The poet and artist David Jones (1895-1974) was born in Brockley, and lived there on and off with his parents for a large part of his life. While not currently within the borders of Kent, Brockley belongs to the historic entity Kent. For that reason, Jones is included in this collection. He was a poet greatly admired by T S Eliot, who regarded him as a genius, and W H Auden, who thought his long work, `The Anathemata’ the single greatest long poem in English of the twentieth century. The intrinsic difficulty of his work, however – the density of reference, both to different languages, literatures and time periods – means that while extremely rewarding and powerful for those that persist, it is not readily accessible. Perhaps the best way to engage with his poetic work is to read it aloud. This was Jones’s own recommendation, and certainly unlocks a lot of the power of tone and music, even when he is using languages from Latin to Welsh, neither of which he was fluent in, but both of which he deployed  in his texts to capture something of the complexity of the historic memory traces and their impact on the current British landscape and sense of identity.

Jones persuaded his parents at the age of 14 to allow him to attend Camberwell Art School, and his early life was mostly spent concentrating on drawing, sketching and painting.
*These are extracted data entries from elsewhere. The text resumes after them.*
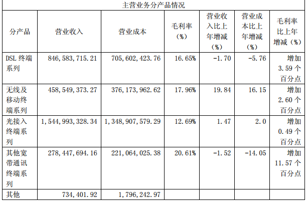 分產(chǎn)品收入情況看,光接入終端系列營收15.45億元,同比增長1.47%,毛利率12.69%,;因需求下降,導(dǎo)致DSL終端系列營收8.47億元,同比下降1.70%,但毛利率為16.65%,相比同期提升了3.59%。其他系列如無線及移動終端系列營收4.59億元。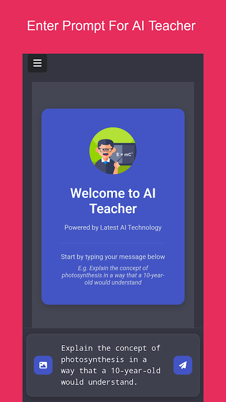 قم بتغيير الطريقة التي تتعلم بها باستخدام AI Teacher، مساعد التعلم المخصص لك. سواء كنت طالبًا أو محترفًا أو متعلمًا مدى الحياة، فقد تم تصميم هذا التطبيق لتبسيط المفاهيم المعقدة وجعل التعلم جذابًا ومتاحًا للجميع.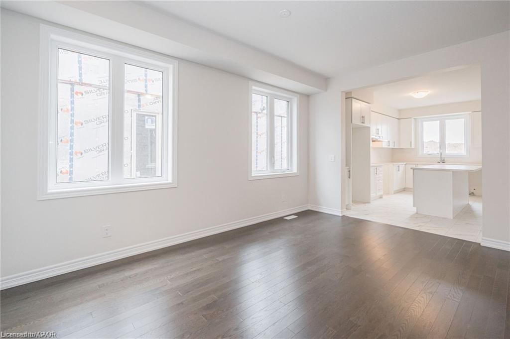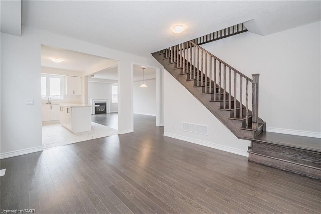 Rare opportunity to own a beautifully designed 4-bedroom, 3. 5-bath detached home in the sought-after wallaceton community of kitchener. This spacious home features an open-concept main floor with elegant hardwood flooring, a sun-filled great room with fireplace and large windows, and a modern kitchen complete with quartz countertops, centre island, and brand-new stainless steel appliances. The dining area seamlessly connects to the backyard, perfect for entertaining. A stunning staircase leads to the second level, offering four generously sized bedrooms, including walk-in closets, along with a convenient second-floor laundry room. Additional highlights include a double car garage plus driveway parking. Ideally located close to parks, public transit, and everyday amenities-this home offers comfort, style, and exceptional convenience.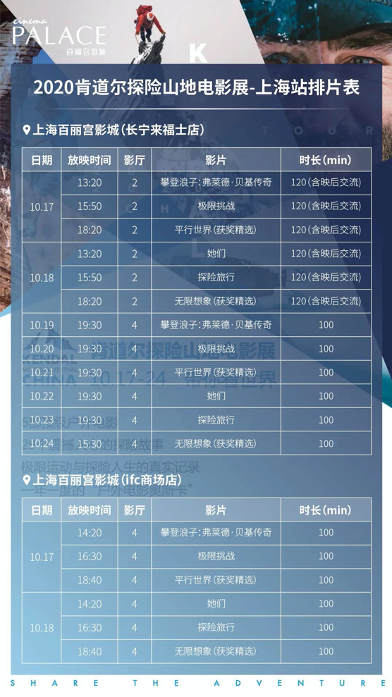 “2020肯道尔国际山地电影展·上海站”排片表 肯道尔国际山地电影节微信公众号 图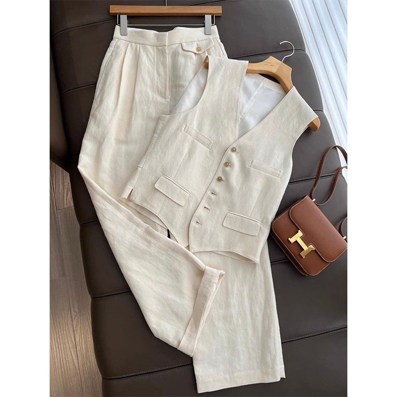 2024年夏の新型韓国版ファッションデザインセンス気質セット馬甲広脚ズボン2点セットins風6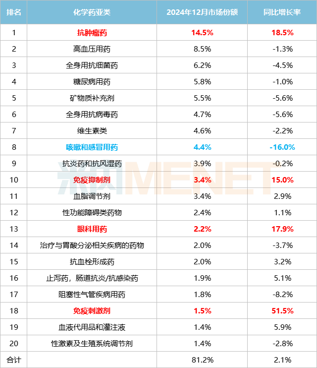 2024年12月中国实体药店化学药TOP20品类份额及增长趋势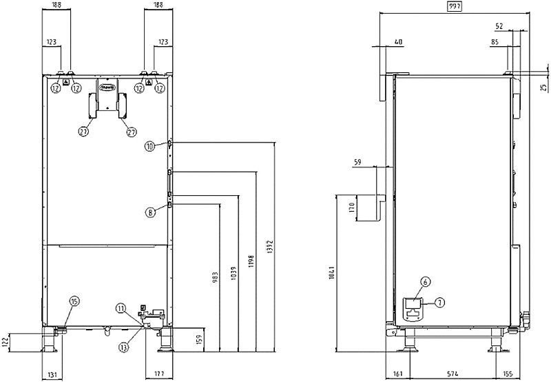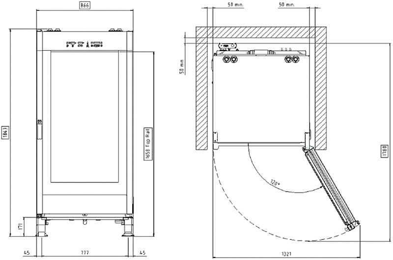 - Reversible door option to install even after starting and the operation of the furnace (except models 20 GN 2/1 and 20 GN 1/1)

He was to fall under the influence of the important Catholic artists Eric Gill, something assisted by Jones’s own conversion to Catholicism in 1921. The other great influence over this period was his service as a member of the Royal Welsh Fusiliers (his father, James Jones, had originally hailed from Wales, though his mother Alice was from London). He fought at the front in France from 1915 to 1918. The War was to leave an indelible mark on Jones, being the main suspected cause of his breakdown in 1932 just as he was finishing his long first poem, `In Parenthesis’ which dealt with the experience of the war. His health problems delayed the publication of this work till 1937. He suffered another breakdown 15 years later, but on his recovery from this he issued `The Anathemata’ in 1952. His final years were spent in Harrow, with him suffering from poor health in his final decade.
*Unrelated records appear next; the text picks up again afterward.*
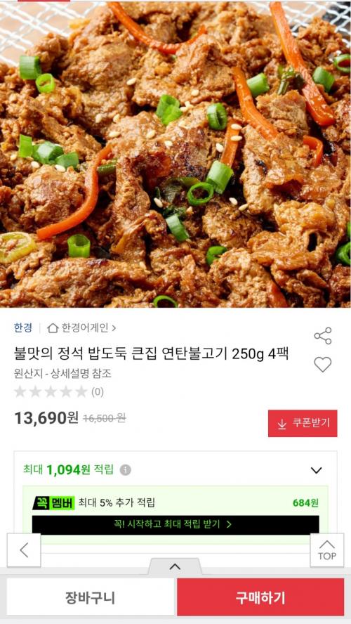 [옥션] 연탄불고기 250g 4팩 (13,690원 / 무료배송) > 국내핫딜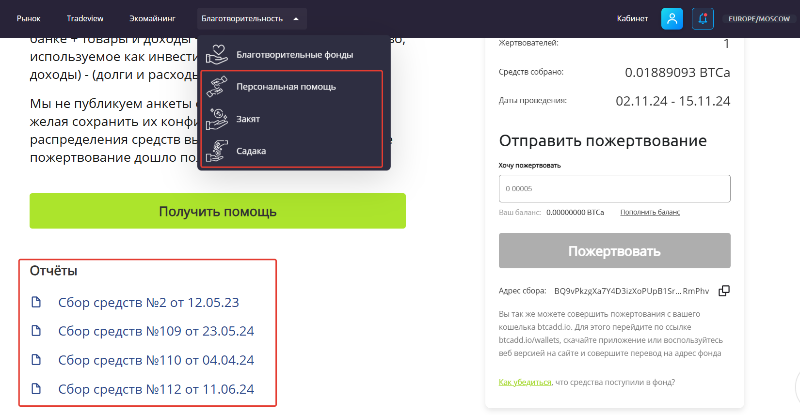 В программах помощи людям, после каждого распределения средств мы размещаем отчёты на сайте биржи.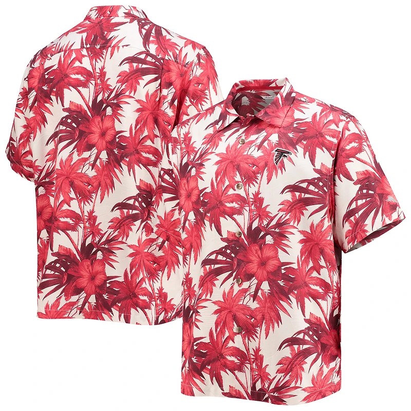 Men's Tommy Bahama Red Atlanta Falcons Sport Harbor Island Hibiscus Camp Button-Up Shirt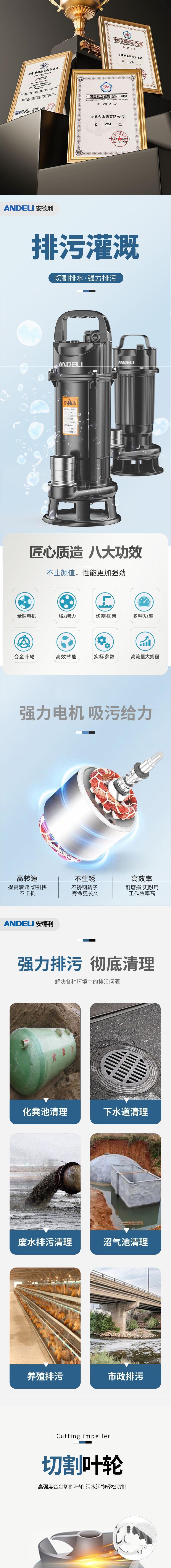 안드레 커팅 펌프 하수 펌프 분뇨 펌프 농업 진흙 잠수정 펌프 가정용 정화조 220v 펌프 펌프스토어 가기

Jones’s work is so rich in illusion and so multi-layered that it is hard to do it justice beyond commending that it be read. His interest in the creation of myths, and of how eras in history in Britain working from the Roman period down through succeeding ones creates modern identity lends itself to many of the key themes of this study of Kentish writers – the ways in which things may be repressed, but they are not forgotten, and how events from the long past can still figure in the present, shaping and framing it. Jones ask searching questions about the making of the sense of identity in Britain, and the various very different influences and elements that went into it. The complex design of the `Anathemata’ in particular, with its start with a rendition of the celebration of the eucharist, and its exploration of the themes of travel and sea, and shift in historic time frames over the nine sections only become apparent as one works through the various initially seemingly disjointed parts of the work. As a war poet, Jones’s work has gained more interest in recent years. He is a major figure, and one that deserves to be celebrated and studied.  For something more accessible, his shorter poem `The Sleeping Lord’ from the 1960s, though published in 1974, is an excellent introduction. That too deals with long processes of change and evolution in the physical landscape, and the ways in which they connect to deep beliefs over origin and meaning and the divine.